Dennis Cason, there isn't any regulator approved list of analysis programs for submitting to FDA. There are standards for software validation and change management, which are applicable to software from any source. Some FDA regulators are also R users. The advantage of SAS over R for FDA regulated studies is that SAS makes a point of being stable over decades while R (my software of choice) will gleefully break old code if members of the R-Project core group believe it will improve the software over the long term. Regulated projects can run from 5 to 20 years. R releases updates roughly once every six months. For more (cryptic and convoluted discussion) on software validation for FDA Regulated studies see: General Principles of Software Validation; Final Guidance for Industry and FDA Staff
Point taken, Charles. Wasn't there an effort to bring R (or perhaps some fork from R) into compliance with the FDA Guidance? If that effort has borne any fruit, I'm unaware of it.
But I believe my point remains valid: the rate of change (and the change policies) of the R code base are such that R in its present form isn't a viable tool for regulated studies.
Anyone who doubts that should look at the help wanted advertisements in AmStat News. Regulated shops seek SAS proficient programmers.
Regulated shops absolutely seek SAS proficient programmers.. Guidance for using R in FDA regulated environments can be found at: http://www.r-project.org/certification.html
I'm a professional and I will use whatever tools (software) my clients will make profitable for me to use. The general purpose statistical software I have experience using includes SAS, R, and Minitab.
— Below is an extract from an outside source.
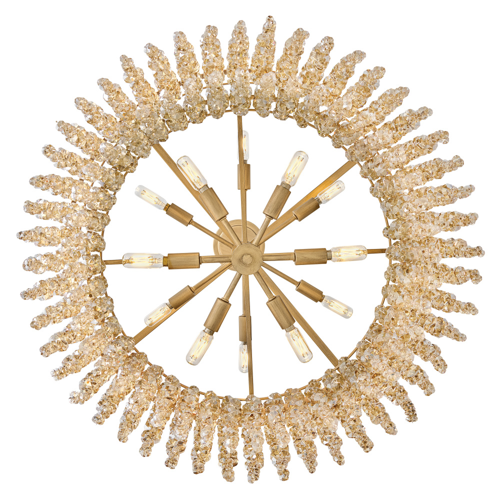 Dripping with glamour, Rubina’s magnificent shade is crafted from individually strung strands of sparkling crystal. A traditional tiered frame accentuates every beautiful refraction with its Burnished Gold finish.

OK..., I've used SPSS but that was almost 30 years ago.... ;-)
R is for professional and creative statisticians. People who understand what they are doing and need to create novel analyses because they face new problems or are unsatisfied with standard solutions. SAS is for people who need to press the buttons in order to perform standard analyses, without knowing what they are doing.
I quote " SAS is for people who need to press the buttons in order to perform standard analyses, without knowing what they are doing." This statement is all wrong.
Richard will you ever learn?
While I started many years ago as a SAS user, I have been more comfortable with R recently. Two factors are driving this. First unlike before data size is no longer much of a constraint in R. Second R graphics is far superior and more flexible than SAS. Somebody in SAS has to be reminded how important graphs are for statistical analyses. They sure can do a better job.
I exaggerate. Over the years, SAS has grown to allow other paradigms of statistical analysis from those embodied in its original design. Similarly, R has evolved and moreover could be used as the engine inside a SAS-like system. However I beiieve that the original design philosophies still dominate the character of the present organisms
Moreover, R remains an open system which grows as new needs arise while SAS is commercial, closed.